## What this task involves:
What are the lines below, starting at the line containing "Women's Capilene Cool" and ending at the line containing "O CTX-300gr é"? Write them out exactly, ends included, without pictures.

## Provided data:
---*---

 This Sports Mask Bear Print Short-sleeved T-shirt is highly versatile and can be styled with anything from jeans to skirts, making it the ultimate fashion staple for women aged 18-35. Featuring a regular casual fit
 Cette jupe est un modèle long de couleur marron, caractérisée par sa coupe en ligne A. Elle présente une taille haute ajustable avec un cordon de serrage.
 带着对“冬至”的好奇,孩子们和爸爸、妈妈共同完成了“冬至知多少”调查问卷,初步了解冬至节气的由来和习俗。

---*---

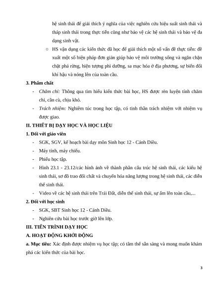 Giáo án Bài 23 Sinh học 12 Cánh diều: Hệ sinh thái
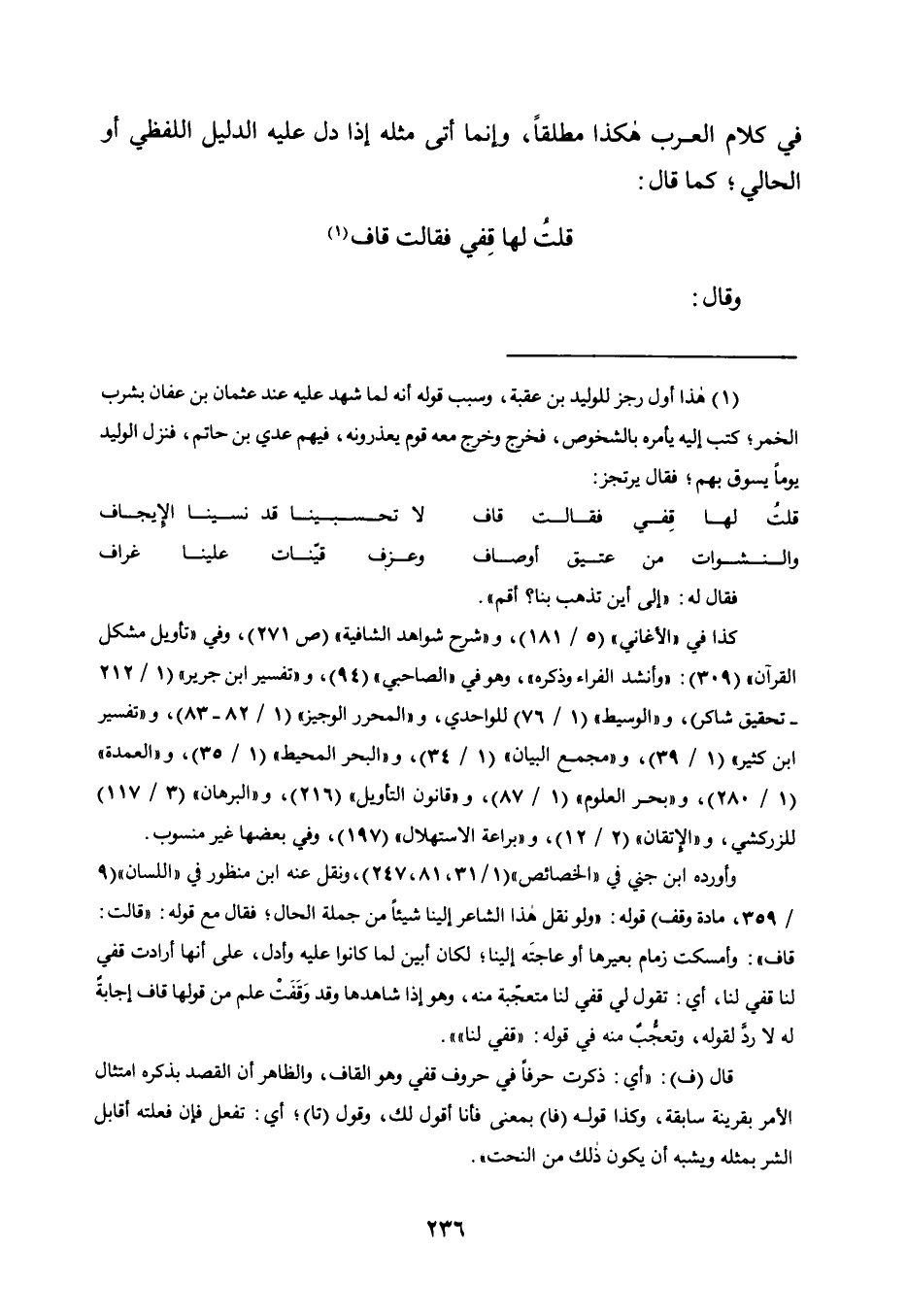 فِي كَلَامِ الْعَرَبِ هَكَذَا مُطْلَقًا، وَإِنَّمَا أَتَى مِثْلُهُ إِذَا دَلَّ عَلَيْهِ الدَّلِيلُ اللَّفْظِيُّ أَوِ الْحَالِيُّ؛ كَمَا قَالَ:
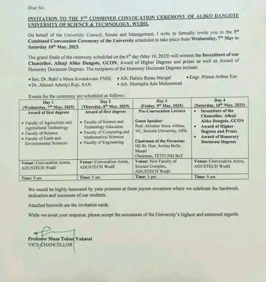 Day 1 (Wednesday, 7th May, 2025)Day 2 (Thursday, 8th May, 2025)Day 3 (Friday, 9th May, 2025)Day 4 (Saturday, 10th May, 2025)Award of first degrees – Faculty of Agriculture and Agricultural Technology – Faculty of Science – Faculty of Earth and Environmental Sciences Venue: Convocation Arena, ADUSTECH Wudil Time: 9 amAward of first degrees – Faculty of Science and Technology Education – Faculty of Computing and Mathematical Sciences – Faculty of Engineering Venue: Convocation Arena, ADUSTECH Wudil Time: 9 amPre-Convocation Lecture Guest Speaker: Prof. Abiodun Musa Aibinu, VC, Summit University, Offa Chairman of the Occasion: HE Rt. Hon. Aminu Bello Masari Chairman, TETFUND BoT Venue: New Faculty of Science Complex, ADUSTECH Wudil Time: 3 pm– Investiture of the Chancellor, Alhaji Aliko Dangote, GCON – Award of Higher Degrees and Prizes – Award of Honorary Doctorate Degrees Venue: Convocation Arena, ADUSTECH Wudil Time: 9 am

---*---

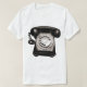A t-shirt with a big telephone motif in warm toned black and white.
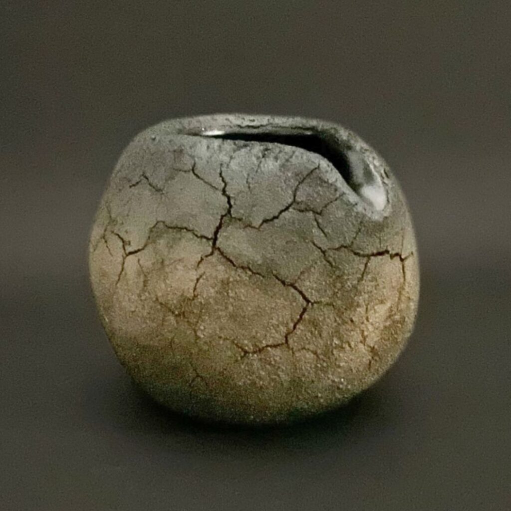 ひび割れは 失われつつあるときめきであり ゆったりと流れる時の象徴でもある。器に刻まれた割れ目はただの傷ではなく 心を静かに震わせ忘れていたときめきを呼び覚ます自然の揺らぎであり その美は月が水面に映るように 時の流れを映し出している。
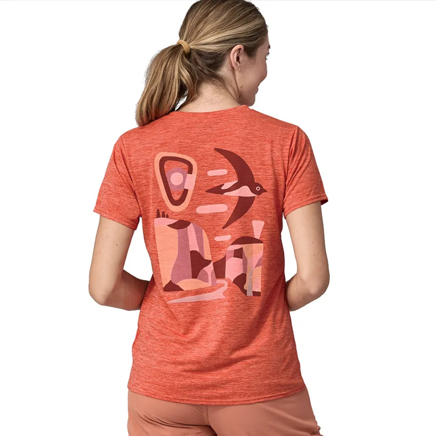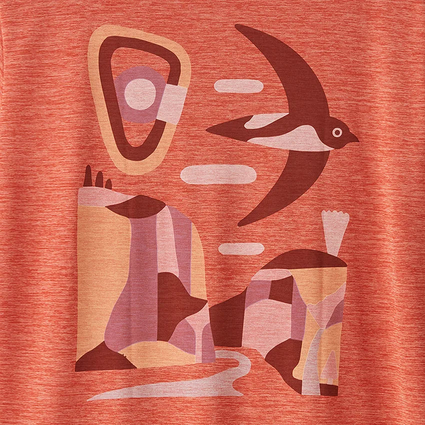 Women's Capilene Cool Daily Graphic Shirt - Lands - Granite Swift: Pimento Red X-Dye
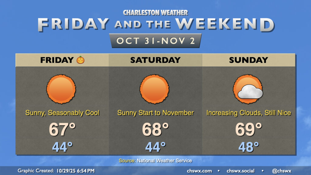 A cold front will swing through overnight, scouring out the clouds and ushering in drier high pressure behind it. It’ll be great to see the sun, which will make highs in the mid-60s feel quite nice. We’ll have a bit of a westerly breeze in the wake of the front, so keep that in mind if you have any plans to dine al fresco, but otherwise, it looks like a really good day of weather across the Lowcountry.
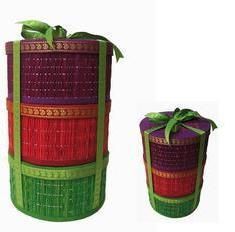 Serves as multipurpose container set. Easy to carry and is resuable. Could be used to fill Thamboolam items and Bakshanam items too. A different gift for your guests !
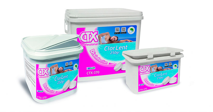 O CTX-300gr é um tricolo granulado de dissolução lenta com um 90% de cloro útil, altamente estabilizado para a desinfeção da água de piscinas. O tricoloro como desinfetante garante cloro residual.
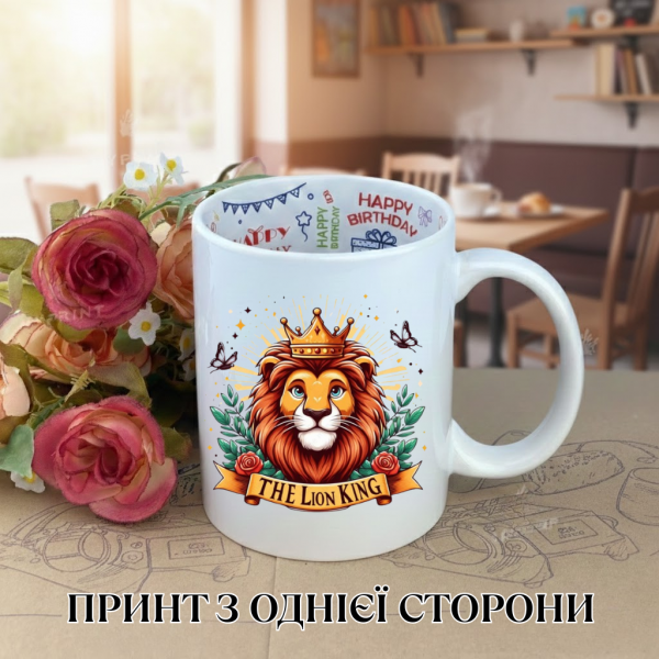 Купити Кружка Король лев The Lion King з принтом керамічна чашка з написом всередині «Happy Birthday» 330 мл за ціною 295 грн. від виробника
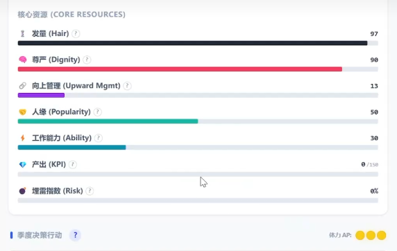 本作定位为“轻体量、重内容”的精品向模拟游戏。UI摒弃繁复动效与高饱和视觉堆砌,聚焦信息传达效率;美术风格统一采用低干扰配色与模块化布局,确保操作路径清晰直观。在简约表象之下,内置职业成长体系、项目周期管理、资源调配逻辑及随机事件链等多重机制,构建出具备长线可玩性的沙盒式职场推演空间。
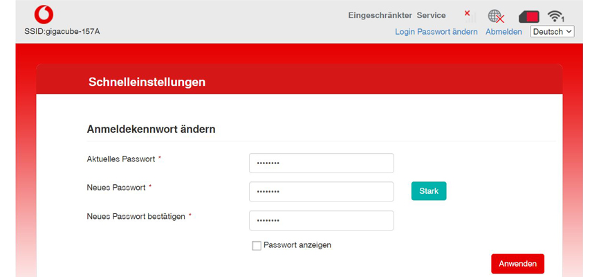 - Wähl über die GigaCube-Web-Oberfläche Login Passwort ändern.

---*---

## Result of this exercise:
 Women's Capilene Cool Daily Graphic Shirt - Lands - Granite Swift: Pimento Red X-Dye
 A cold front will swing through overnight, scouring out the clouds and ushering in drier high pressure behind it. It’ll be great to see the sun, which will make highs in the mid-60s feel quite nice. We’ll have a bit of a westerly breeze in the wake of the front, so keep that in mind if you have any plans to dine al fresco, but otherwise, it looks like a really good day of weather across the Lowcountry.
 Serves as multipurpose container set. Easy to carry and is resuable. Could be used to fill Thamboolam items and Bakshanam items too. A different gift for your guests !
 O CTX-300gr é um tricolo granulado de dissolução lenta com um 90% de cloro útil, altamente estabilizado para a desinfeção da água de piscinas. O tricoloro como desinfetante garante cloro residual.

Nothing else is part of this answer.